— Эким ты на меня петушком, Кузьма. Опусти-ка крылышки да мостись на жердочку, не стой воротным столбом. Садись, батюшка, коли пожаловал!
Секачев осторожно утвердился на шатком табурете возле самой двери и с вызовом вздернул бороду. Ему тоже хотелось как-то уколоть Лешачиху, да она опять опередила его.
— Догадываюсь, сколько ты зла подкопил, гостенек.
— А ты думала на огонек я заглянул…
— Давно потухли огоньки наши, — вздохнула Иванцева, вздохнула тяжело, по-женски, так что у Кузьмы Андреевича что-то тронулось в груди, и он невольно подумал: «Баба, как есть баба!»
Федосья неторопливо перебирала в руках вязанье, поглядывала на плохо освещенный стол.
— А знаешь ли, Кузьма, когда-то часто ждала я тебя на огонек… Мы с тобой жизнь прожили, впервой встречаемся один на один, и я уж откроюсь. Все равно старое уже закопано и слезами закапано… Женился ты, а я все-то на глаза тебе показывалась, ждала, что догадаешься и придешь. После присушить хотела, да опомнилась, семью, бабу твою пожалела, а доведись — утопила бы в своей любви. Ты смолоду-то соколом летал, лестно было залучить такова…
Дивные слова слушал Секачев. Маслило сердце признанье, размягчало… Но поднималась и настороженность: улещает, улещает ведьма, ишь что талдычит!
— За Марфу прошу!
— За сестру?
— Ты, Федосья, тово… — дрогнул голосом Кузьма Андреевич. — Зачем ты ее изурочила, а? И дочь в сетя затягиваешь. Фамилию зоришь пошто?
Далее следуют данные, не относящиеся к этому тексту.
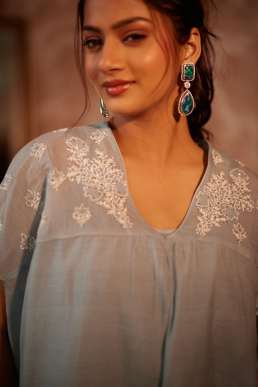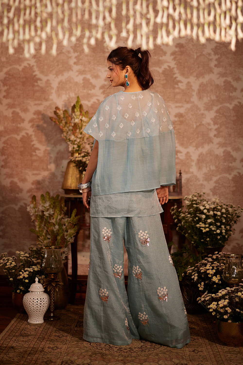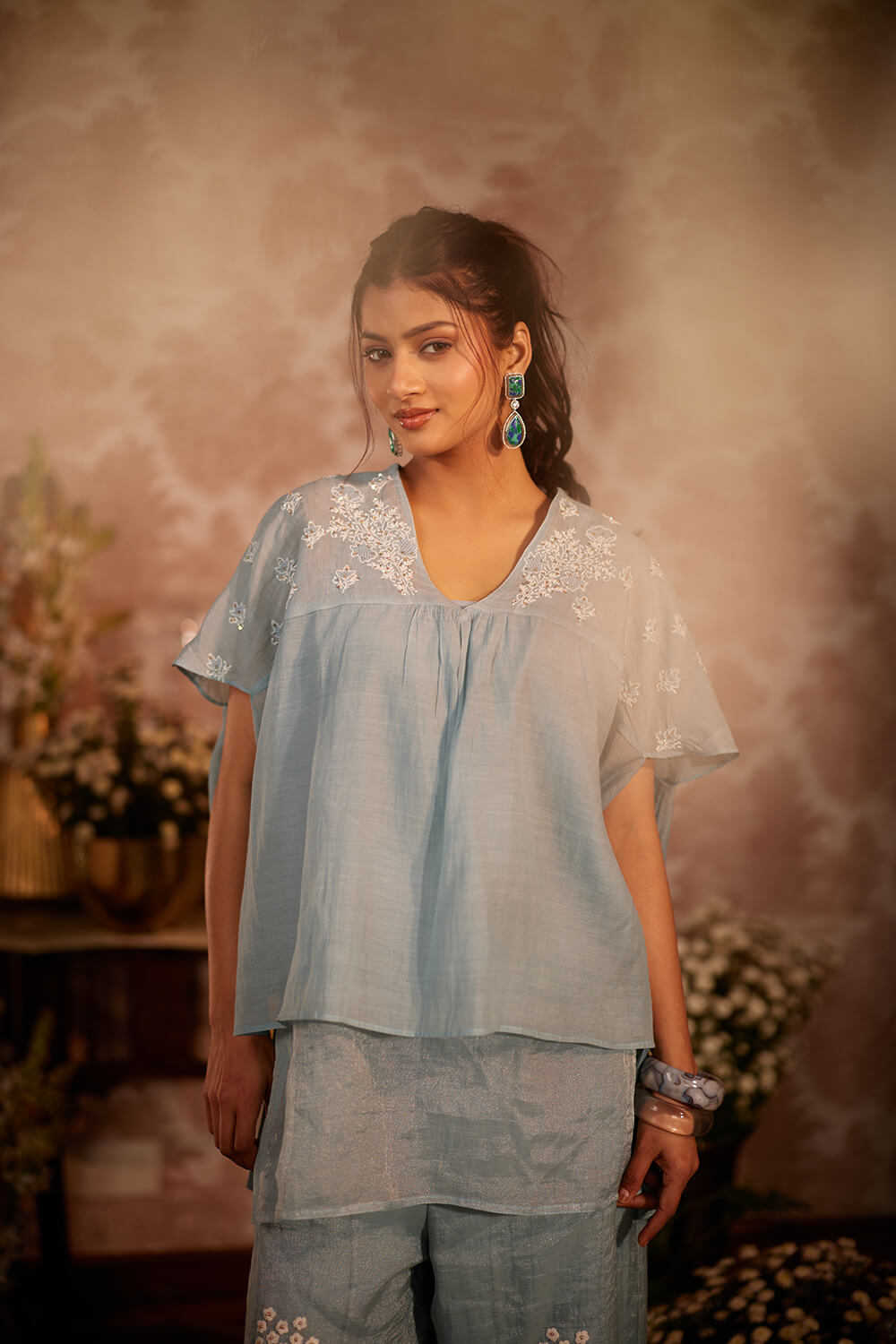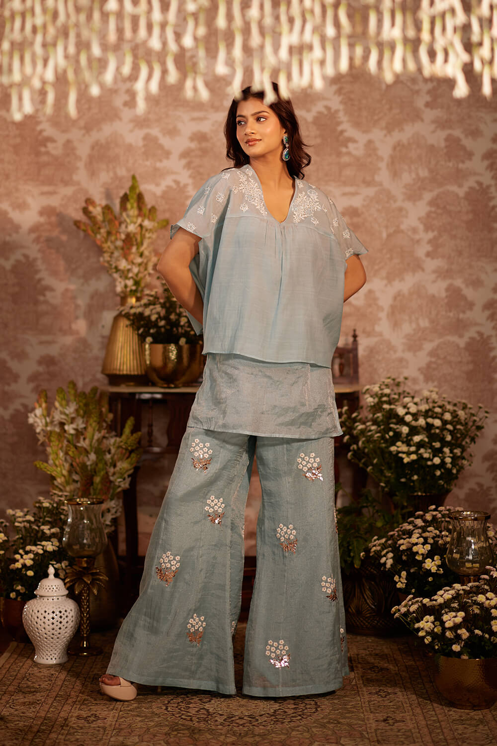 Light Blue cotton silk V-neck top with delicate floral chikankari embroidery along neckline, shoulders and sleeves. Paired with a slip and tissue palazzo pants highlighted with subtle hand embroidery and mukaish bootas.
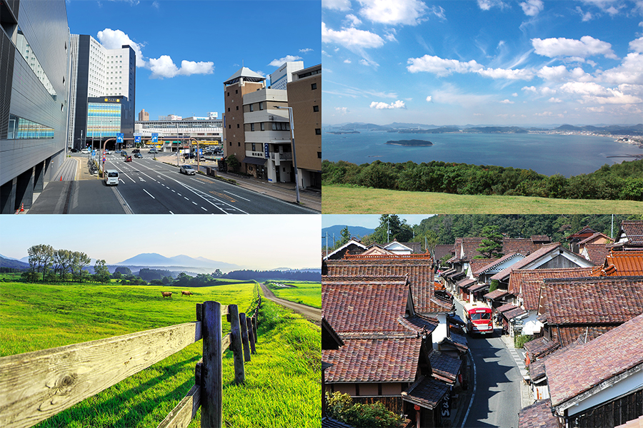 「市街地」から車で30分圏内に、海、山、古い街並みがあり、田舎の風景や島、高原など豊富なロケーションがあります。
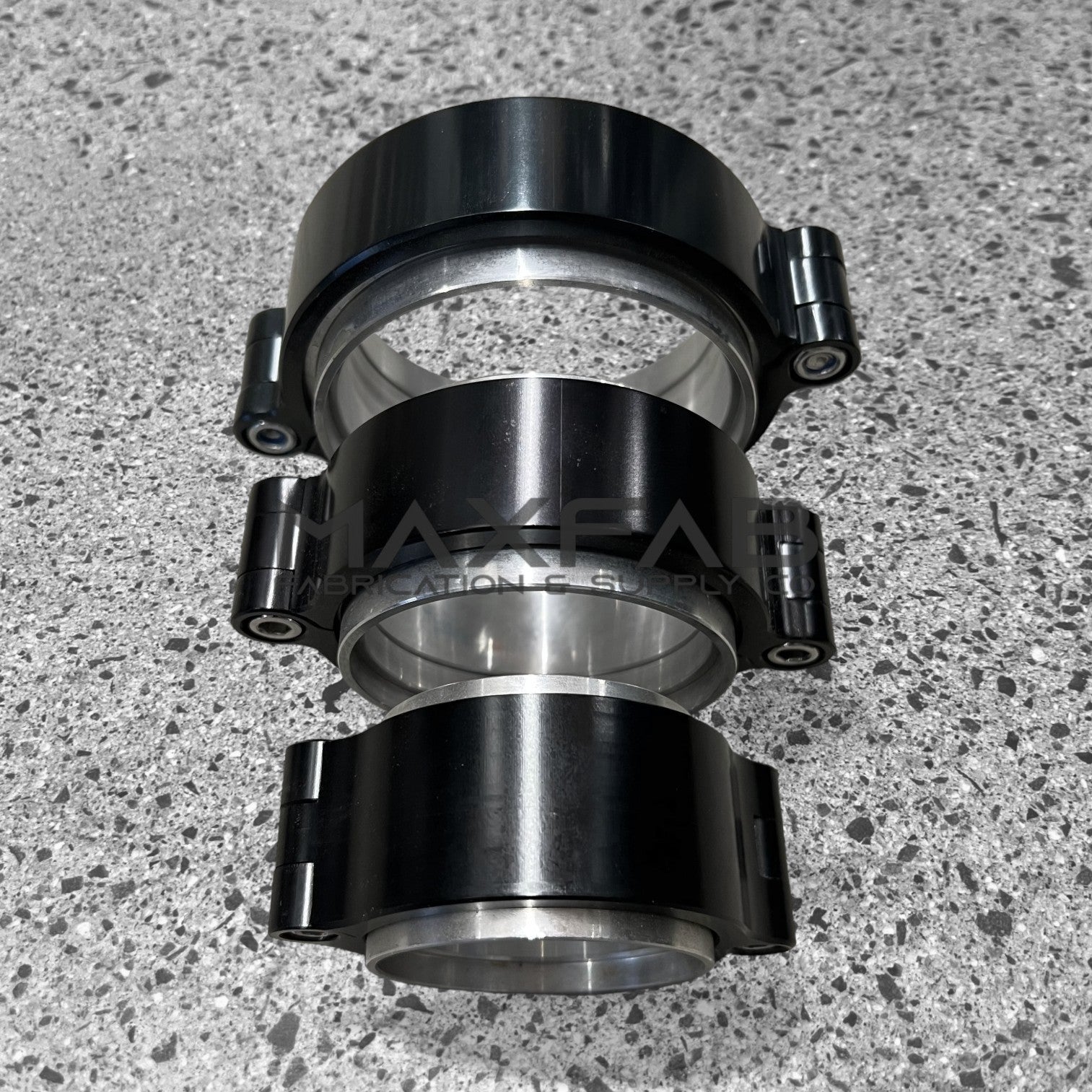 Includes a pair of aluminum flanges with o'ring groove, outer sleeve and a anodized black aluminum outer clamp. Double o'ring ensures optimum sealing and allows for movement
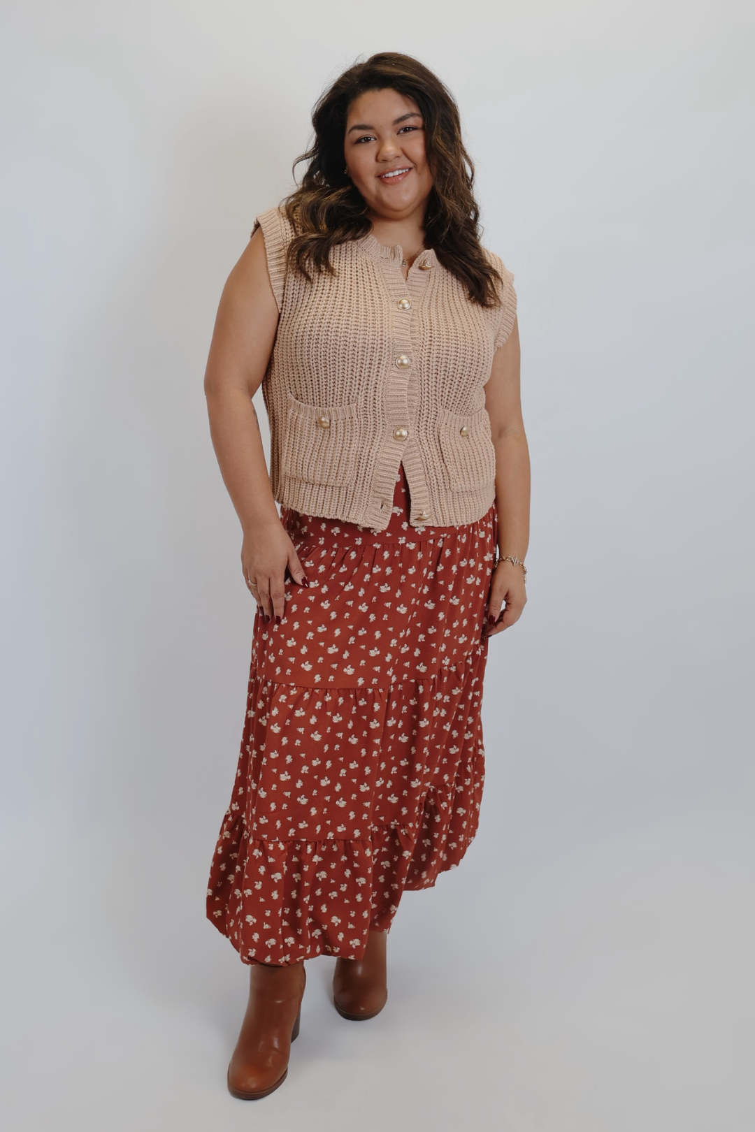 Timeless meets trendy in the Vintage Charm Sweater Vest. This soft, chunky knit vest features a sleeveless silhouette and antique gold button-down front for a touch of retro sophistication. With its cozy cotton-blend texture and versatile style, it’s perfect for layering over blouses, turtlenecks, or dresses as the seasons change.
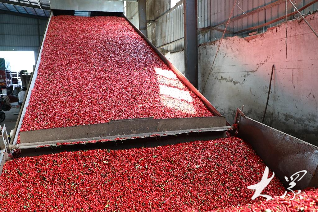 在产业链另一端,1996年出生的陈浩,管理着海缘农贸发展有限公司,主要从事辣椒加工和品牌化销售,“我们采用先进的辣椒烘干设备和技术,能够快速高效地将新鲜辣椒烘干。鲜辣椒的清选、烘干、剪把、筛色也在逐步实现自动化,保证辣椒的品质和口感。”
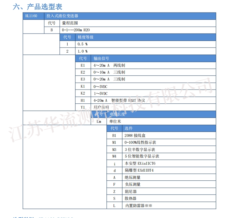 HL1160 投入(ru)式液位變送(song)器(液體靜壓(ya)式,用于普通(tōng)液體)采🙇野画集啵乐漫画❌官网🚩♀️用高(gao)性♌能的擴散(sàn)矽壓阻式壓(yā)力傳感器作(zuò)爲測量元件(jian),經過高可靠(kào)性的放大處(chù)理電路及精(jing)密溫度補償(chang),将被測介質(zhi)的表壓或絕(jué)壓轉換爲标(biao)準的電壓或(huo)電流信号。本(ben)産品體積小(xiǎo)巧,使用安裝(zhuang)方便,直接投(tóu)入水中即可(kě)測量出變送(song)器末端到液(ye)面的液位高(gao)度。
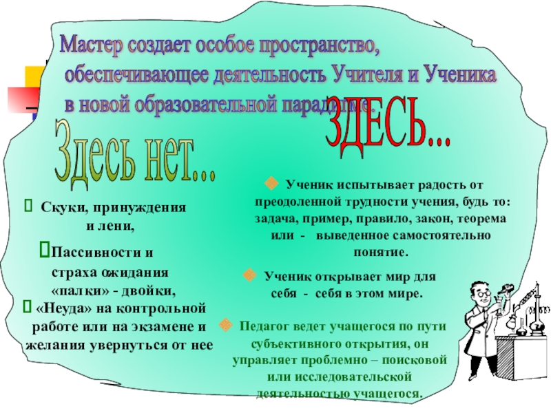 Педагог ведет учащегося по пути субъективного открытия, он управляет проблемно – поисковой или исследовательской деятельностью учащегося.

Иванцева опять вздохнула за столом.
— Эх, Кузьма… Считала, что куда больше мудрости у тебя в бороде. Так я думала, что крепок в Боге. Да-а… маловер и суеверен! И не дерево ты крепкое, не прутовье куста гибкова, а травина слабая. Остынь, не дичай глазами-то. Да и я хороша. Тут давеча подумала: травы мы с тобой сохлые, разметные, Куземушка…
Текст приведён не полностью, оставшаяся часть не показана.